ABC Books is officially getting the chop later this month. Staff have been told they’ll be needing to look for work at the end of October. ABC Books as a brand will remain though, with a private publishing house likely to pick it up.

In Tuesday’s West Australian newspaper their economics correspondent offered his analysis of the global financial crisis, and suggested that to have a proper understanding of the situation one had to be familiar with the economic theories of Milton Keynes. Shame that the poor residents of Buckinghamshire should take the blame for the meltdown. The Worst printed a rather sheepish correction on Wednesday. I look forward to ecumenical issues being discussed with Bishop Stortford.

An opera buff writes: Paul Curran is an opera director who trained at NIDA and once worked with the Australian Opera before it inexplicably changed its name to Opera Australia. Curran has often expressed a desire to return here but it seems the powers that be at our ‘national’ company don’t require his services. However many international companies, including La Scala, La Fenice, Bologna, Rome and Naples along with Chicago Lyric Opera, Canadian Opera, Santa Fe Opera, Stuttgart Opera and the Kirov in St. Petersburg, inter alia, seem to like his work. As do some of the leading overseas critics. Here’s a link to the FT where their critic Andrew Clark has nice things to say about Curran’s latest work for Welsh National Opera. So when might he receive a long-distance call from Bennelong Point?

Not so much a tip as passing on comment from a friend who works for ABC: Reference the Drama “editorial” roles going — ABC TV needs more cleaning out… There is still much unnecessary travel by managers and their assistants flying weekly between states, racking up per diems and cabfares and accommodation charges. The sooner ABC outsources the bulk of TV programs, the better for the audience. The place is still overmanaged.

Today I made a small change to my web page and tested it by downloading the page from the Web. No change. Believing I had made an error, I reloaded the page again. Finally I concluded that I was receiving a cached version of my web page from my service provider. Sure enough, they confirmed that because of the lack of bandwidth to Tasmania, all service providers are having either to slow the service to Tassie or cache content up to two hours. This is not good enough particularly as there is an unused fibre optic cable connecting Tasmania to the big island.

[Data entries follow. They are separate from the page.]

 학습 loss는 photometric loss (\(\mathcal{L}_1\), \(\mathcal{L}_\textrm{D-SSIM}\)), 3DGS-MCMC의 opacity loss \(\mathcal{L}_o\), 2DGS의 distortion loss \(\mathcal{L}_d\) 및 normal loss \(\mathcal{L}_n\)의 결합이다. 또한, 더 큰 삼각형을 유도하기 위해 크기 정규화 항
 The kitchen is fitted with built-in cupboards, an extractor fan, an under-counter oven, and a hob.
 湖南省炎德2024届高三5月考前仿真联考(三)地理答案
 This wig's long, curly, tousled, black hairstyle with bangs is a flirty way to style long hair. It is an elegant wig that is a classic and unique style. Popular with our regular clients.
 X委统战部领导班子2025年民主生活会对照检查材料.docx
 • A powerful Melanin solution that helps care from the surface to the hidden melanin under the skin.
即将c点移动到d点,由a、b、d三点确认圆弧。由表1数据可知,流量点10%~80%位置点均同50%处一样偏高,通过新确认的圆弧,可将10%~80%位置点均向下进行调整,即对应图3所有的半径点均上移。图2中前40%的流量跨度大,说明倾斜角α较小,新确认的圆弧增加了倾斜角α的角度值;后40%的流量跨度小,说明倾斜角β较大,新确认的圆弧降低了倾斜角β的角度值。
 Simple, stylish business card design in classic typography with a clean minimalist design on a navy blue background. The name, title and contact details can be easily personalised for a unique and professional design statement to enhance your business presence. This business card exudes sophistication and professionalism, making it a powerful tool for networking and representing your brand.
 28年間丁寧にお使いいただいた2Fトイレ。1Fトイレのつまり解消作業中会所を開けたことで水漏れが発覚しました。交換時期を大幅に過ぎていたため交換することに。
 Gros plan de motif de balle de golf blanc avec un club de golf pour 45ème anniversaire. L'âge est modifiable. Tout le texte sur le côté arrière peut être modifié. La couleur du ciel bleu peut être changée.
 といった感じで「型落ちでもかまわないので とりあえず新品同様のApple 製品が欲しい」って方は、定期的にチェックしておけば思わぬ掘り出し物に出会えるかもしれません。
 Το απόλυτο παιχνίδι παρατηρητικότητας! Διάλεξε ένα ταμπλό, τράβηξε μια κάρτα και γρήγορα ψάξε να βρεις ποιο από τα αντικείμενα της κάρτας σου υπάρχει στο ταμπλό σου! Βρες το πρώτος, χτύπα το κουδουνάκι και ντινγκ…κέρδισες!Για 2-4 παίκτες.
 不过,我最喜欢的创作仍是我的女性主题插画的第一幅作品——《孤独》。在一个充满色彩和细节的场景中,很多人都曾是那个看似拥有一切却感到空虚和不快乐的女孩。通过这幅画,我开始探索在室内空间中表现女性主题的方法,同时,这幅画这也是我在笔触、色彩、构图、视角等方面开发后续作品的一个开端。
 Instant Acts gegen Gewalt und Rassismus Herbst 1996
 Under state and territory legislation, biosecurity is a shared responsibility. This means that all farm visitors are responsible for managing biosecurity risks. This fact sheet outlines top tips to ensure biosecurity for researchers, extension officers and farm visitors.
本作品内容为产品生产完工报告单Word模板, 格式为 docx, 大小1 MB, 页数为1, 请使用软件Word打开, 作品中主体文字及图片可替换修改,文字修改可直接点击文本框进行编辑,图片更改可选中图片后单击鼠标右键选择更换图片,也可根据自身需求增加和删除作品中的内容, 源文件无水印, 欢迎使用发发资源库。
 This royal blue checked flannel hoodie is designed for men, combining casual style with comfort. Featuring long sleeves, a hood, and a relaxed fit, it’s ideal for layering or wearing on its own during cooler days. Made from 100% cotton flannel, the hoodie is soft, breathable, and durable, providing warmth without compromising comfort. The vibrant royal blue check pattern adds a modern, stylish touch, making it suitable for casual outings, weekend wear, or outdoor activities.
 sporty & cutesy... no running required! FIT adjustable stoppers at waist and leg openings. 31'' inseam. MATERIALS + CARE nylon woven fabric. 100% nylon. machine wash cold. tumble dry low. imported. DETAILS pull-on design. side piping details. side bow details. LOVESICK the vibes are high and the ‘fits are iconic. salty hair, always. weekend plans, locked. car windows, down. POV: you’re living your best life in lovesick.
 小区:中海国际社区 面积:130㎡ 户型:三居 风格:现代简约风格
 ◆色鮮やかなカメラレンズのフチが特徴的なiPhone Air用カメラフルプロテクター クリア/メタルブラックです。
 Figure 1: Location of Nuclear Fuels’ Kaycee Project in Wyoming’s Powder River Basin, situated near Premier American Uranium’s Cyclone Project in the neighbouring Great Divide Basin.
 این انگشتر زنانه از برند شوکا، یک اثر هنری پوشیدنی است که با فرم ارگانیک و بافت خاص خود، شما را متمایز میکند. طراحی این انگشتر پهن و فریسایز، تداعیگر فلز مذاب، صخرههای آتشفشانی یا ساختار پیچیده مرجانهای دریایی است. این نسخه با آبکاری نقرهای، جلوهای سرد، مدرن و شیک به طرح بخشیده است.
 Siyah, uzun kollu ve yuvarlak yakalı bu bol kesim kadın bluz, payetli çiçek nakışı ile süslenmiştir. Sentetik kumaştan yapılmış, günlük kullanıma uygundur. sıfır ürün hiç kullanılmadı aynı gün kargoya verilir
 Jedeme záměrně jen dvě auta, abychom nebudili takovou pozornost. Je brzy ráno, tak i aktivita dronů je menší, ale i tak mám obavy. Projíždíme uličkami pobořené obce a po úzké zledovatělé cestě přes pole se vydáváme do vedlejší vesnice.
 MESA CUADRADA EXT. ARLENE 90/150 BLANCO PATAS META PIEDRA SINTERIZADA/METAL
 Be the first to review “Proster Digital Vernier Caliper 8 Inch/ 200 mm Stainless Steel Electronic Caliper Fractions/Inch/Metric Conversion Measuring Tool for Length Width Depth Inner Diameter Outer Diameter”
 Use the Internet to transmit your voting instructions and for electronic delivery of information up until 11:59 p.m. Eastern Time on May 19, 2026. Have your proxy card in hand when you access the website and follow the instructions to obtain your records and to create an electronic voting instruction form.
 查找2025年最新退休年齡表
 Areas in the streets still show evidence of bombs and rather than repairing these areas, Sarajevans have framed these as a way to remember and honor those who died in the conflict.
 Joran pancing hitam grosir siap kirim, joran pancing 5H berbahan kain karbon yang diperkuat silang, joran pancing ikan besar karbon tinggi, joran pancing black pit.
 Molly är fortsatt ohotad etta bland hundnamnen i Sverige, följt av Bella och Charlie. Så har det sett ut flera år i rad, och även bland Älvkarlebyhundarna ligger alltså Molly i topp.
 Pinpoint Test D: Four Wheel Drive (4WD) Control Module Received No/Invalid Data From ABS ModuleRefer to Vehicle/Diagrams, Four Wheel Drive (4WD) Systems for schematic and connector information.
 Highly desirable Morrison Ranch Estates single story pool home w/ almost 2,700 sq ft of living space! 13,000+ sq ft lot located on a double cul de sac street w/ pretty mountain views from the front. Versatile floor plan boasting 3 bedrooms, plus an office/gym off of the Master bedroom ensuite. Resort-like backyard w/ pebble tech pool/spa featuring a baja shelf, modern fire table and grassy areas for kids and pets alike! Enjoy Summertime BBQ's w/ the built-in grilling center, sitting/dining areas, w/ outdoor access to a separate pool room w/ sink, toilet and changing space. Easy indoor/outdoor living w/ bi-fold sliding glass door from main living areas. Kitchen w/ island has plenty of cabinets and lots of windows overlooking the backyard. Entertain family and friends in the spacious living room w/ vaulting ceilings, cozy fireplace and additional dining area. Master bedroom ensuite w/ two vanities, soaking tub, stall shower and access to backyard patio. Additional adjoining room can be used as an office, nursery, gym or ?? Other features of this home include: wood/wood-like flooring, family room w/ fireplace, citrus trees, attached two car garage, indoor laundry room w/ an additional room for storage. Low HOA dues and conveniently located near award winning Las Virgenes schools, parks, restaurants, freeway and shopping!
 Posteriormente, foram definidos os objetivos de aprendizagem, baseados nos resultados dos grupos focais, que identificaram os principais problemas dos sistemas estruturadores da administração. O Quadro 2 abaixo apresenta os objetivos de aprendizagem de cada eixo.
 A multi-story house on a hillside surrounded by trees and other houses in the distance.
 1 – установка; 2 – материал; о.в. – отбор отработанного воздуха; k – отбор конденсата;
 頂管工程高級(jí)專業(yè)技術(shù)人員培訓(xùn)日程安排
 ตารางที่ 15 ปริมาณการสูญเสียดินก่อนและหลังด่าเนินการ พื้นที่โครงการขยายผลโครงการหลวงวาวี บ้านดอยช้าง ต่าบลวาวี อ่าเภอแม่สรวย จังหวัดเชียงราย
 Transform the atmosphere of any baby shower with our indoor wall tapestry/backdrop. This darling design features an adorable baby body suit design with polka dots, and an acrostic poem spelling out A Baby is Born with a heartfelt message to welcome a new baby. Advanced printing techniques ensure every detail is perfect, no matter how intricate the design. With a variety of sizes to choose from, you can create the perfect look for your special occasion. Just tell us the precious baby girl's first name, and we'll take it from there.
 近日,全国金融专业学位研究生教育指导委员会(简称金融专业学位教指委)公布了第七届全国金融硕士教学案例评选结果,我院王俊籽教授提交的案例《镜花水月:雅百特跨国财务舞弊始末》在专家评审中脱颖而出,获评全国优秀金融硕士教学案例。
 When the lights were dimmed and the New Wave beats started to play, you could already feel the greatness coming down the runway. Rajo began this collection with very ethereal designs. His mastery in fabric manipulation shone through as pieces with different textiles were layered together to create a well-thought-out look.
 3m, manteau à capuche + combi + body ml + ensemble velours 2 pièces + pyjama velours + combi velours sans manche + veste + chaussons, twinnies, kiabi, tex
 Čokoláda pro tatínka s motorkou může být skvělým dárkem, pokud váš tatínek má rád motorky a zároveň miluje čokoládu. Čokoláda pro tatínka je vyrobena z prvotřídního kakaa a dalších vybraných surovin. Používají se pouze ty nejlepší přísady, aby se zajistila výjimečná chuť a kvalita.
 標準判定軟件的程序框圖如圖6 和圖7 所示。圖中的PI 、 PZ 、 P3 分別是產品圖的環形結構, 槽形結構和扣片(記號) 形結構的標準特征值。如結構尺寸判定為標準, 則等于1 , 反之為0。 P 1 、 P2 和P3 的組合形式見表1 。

If you think it’s only the external relationships Tabcorp buggers up … think again. On September 1 they introduced a new system in NSW for venues to bank the money they collect from customers. This initiative replaced a perfectly functioning system that had been in place for decades. After nothing but errors and complaints they were recently obliged to send this notice to all of their venues:

As is often the case with the implementation of any new systems, processes or practice, there is a likelihood that some teething problems may occur. With this in mind Tabcorp has been experiencing a few anomalies since the introduction of the new settlement process for agencies that came into effect on September the 1st 2008. This has had a flow on effect to the processing of Licensed Venue settlements.

Tabcorp would like to assure Agents that these anomalies are currently being addressed with the parties involved, such as BRINKS, Tabcorp and associated Financial Institutions, in efforts to rectify these issues.

Tabcorp would like to reassure Agents that may have been charged associated dishonour fees due to these anomalies by reimbursing the fees accrued from these system errors.

Wagering Finance would like to take this opportunity to thank Agents for their patience and understanding whilst these new processes are streamlined, and to assure you that this is receiving our utmost attention.

The “teething problems” they refer to result from people who know nothing about the business, tinkering with things they have no reason to change, and then implementing changes without consultation or testing. The reassurance and refunding of dishonour fees arises from Tabcorp automatically sweeping accounts for the wrong amounts. That is, they tell a venue they need to bank X and then debit the account for X + Y! To put the farce into perspective you need to remember that NSW venues would bank around 16% of the weekly NSW turnover … that is, many, many millions per week. And at this point they are unable to reconcile what’s been collected by Brinks, what’s been banked, and what they’ve swept from the venue’s accounts.

In a radical change of direction, the NSW Liberal Party has chosen three candidates from non-Anglo backgrounds to run in three Sydney by-elections on October 18. In Deputy Premier John Watkins’ seat of Ryde, the Liberal hopeful is a third generation Italian solicitor Victor Dominello. In Premier Morris Iemma’s seat of Lakemba, the Liberal standard bearer is a Muslim, first generation Australian and Canterbury councillor Michael Hawatt. And seeking the vacancy in Health Minister Reba Meagher’s seat of Cabramatta is Dai Le, a Vietnamese who came to Australia as a boat person and now works as a highly regarded ABC journalist-producer. Liberal leader Barry O’Farrell has championed the selection of community candidates as a means of highlighting Labor’s predictable choice of party time-servers in all three seats.